I:          From where?

L:         I, I went, I was assigned from there to San Diego and San Diego was a short time, July of 1951 is when

I:          Um hm.

L:         I went to Korea.

I:          Wow.  Through

L:         We sailed, ’51.

I:          Through sea.


L:         How, part of me, pardon me?

I:          High sea.

L:         High sea.  With a small vessel, you know.  I have a photograph of it here

I:          Yeah.

L:         because that’s


anyway, from there we, uh, it took us almost two weeks.

I:          Yeah?

L:         We stopped in Hawaii, but then we went, from there we went to Sasebo, Japan which is on the south east

I:          Yeah.

L:         coast of Japan.

I:          South west.

L:         South west, pardon me.

I:          Yeah.

L:         Right.  Exactly. South west, right there at the Sea of Japan.  And that’s when we were given various assignments, uh, to patrol the west

I:          Um hm.

L:         coast of Korea,


uh, for, uh, between Wonsan and, and Hungnam.

I:          That’s east side of the Korea.  Yeah.

L:         Yes, you’re right.

I:          Um hm.

L:         Thank you.

I:          Um hm.

L:         Will that all be corrected in your, yes, the east coast.

I:          I mean, this is for the students, so I need to do that, yeah.

L:         Yeah, um hm.

I:          Yeah.  And so

L:         We were, that was our assignment, too.

I:          Yeah.

L:         And our assignment was, uh, was, uh, uh, was a towing vessel, as a rescue vessel, uh.  We placed buoys.  We, we,


had transportation activity.  We had, uh, assignments of, uh, nighttime, anti-mining, uh, an anti-junk, uh, activity up, up the east coast of Korea, but always between Wonsan and Hungnam about, and if, as you know, there’s a nice little harbor in there that we would stick our heads in.  It was about 1,000, 1,000 yards right off the coast of Hungnam.


I:          So what was your unit then?

L:         I was a Naval officer on the ship.  We had five officers.  I was the Operations Officer.

I:          But what is the unit, 7thFleet or what is it?

L:         Uh, it was Commandant Pacific Fleet.  His fleet was, was Pacific Fleet, and we, under the, the tot, total command of a, of the whole thing was under the Commander of the 7thFleet.  I don’t know how to give you anything more direct on that.

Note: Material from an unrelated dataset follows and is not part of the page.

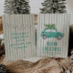 If you are looking for a simple minimalist beautiful and easy editable Christmas card. This one is perfect for you. And as you see the design features a vintage green car truck with a tree, And beige and green hand written typography of MERRY CHRISTMAS. And your family name and year under it. And In the back you got a a customisable Christmas greeting paragraph and colourful lights stripe. All on cream and green stripes background.
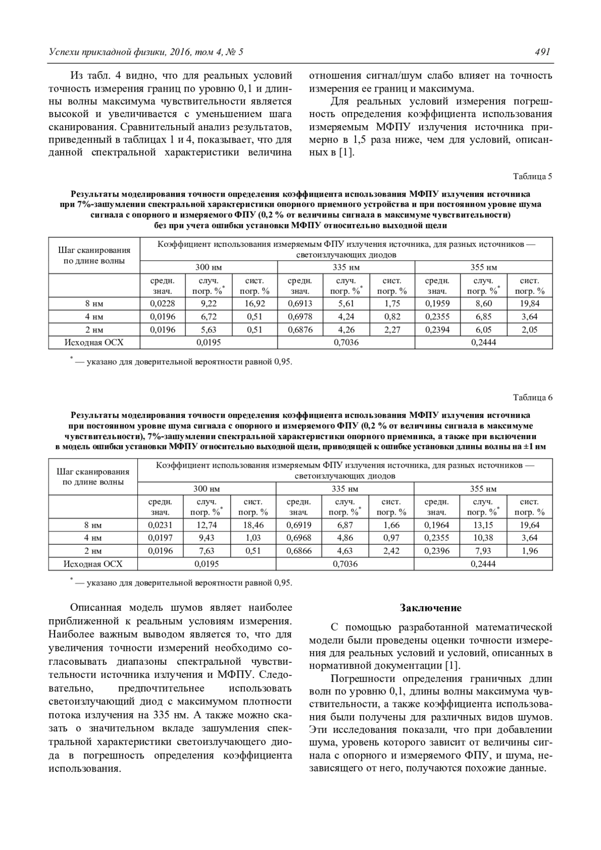 Погрешности определения граничных длин волн по уровню 0,1, длины волны максимума чувствительности, а также коэффициента использования были получены для различных видов шумов. Эти исследования показали, что при добавлении шума, уровень которого зависит от величины сигнала с опорного и измеряемого ФПУ, и шума, независящего от него, получаются похожие данные.

I:          So 7thFleet, and do you know of any lower unit?

L:         No I don’t.


I don’t know.

I:          What is the vessel name that you were in?

L:         The vessel, pardon me?

I:          Vessel name?


L:         The USS

I:          Sarsi?

L:         USS Sarsi.

I:          So you took that USS Sarsi from San Diego

L:         From San Diego

I:          And?

L:         all the way over, that’s right.

I:          Oh, so tell me about that

L:         They, they, they, they were vessels.  It’s a, it’s a big vessel with about 100 compliment of people.

I:          So tell me about that.  What is, is it destroyer?

L:         No.  This is a, this is a Fleet tug.

I:          Fleet tug.

L:         Fleet tug,


and it’s used for towing

I:          Yeah, right.

L:         major vessels like

I:          Um.

L:         even aircraft carriers and carry, uh, cruisers and, and battle wagons, battleships and so forth.  That’s, yes.

I:          How big was it?

L:         About, uh, 250 feet.

I:          Length?

L:         Length, yes.

I:          Okay.  And tell me about this, uh, vessel?  How many people were there, and how was it to be there,


like sleeping, eating, shower, things like that?

L:         I had a, well I, we were on, I was one of, uh, of five officers

I:          So you were the officer, not non-commissioned officer?

L:         No, no.  At that point, I had, had received my, uh, that’s why I took my tests in Philadelphia.  I was an Ensign.  An Ensign.

I:          So what was your rank?

L:         An Ensign.

I:          Ah.

L:         I was an Ensign.

I:          Okay.

L:         Uh, later to become a Lieutenant Junior Grade. However, at that time, in the beginning, I was an Ensign, and as I said, our function,


out of, working the east coast of Korea was, uh, uh, mostly anti-mining patrol, uh, anti-junk patrol, troubles to, and, you know, and we would always, we were working with battle ships, uh, like the USS Missouri, the USS Bremerton, uh.  That was a big cruiser.  So we were working with them daily, and then go back to Sasebo for a, a brief, and then back, back up the coast.  And we,


and there was a major typhoon that happened in Korea at that time, uh, 26thof August, 1952 so that I hadn’t even, I had just been on the vessel about a year, one year when we were up the coast, we went up the coast and, uh, uh, we were about to turn, uh, on the night of August 27th, 1952


to come back to Wonsan, uh, for a little lesser activity.  Wonsan was, Hungnam was very active up there.  They didn’t let, like to see American vessels up there.  And when we hit this mine on the night of, we hit a mine a floating mine from this typhoon on the night of August 27th, 1952 and, uh, went down in 20 minutes in 75 feet of water.

I:          Wow.



Ninety-two people were aboard.  We lost four men, one man disappeared.  We don’t know whether he tried to make it to the shore or not.  We were only 1,000 feet, 1,000 yards off the shore, and on the night it went down in the, as I say in 20 minutes, um, I had been on the bridge of the ship, but, but, at that point, went down after the, my,


my time was up on the ship, on the, on the bridge, and that’s when the mine hit.  I was just asleep and, so my

I:          You might be killed.

L:         Huh?

I:          You might been lost in the sea.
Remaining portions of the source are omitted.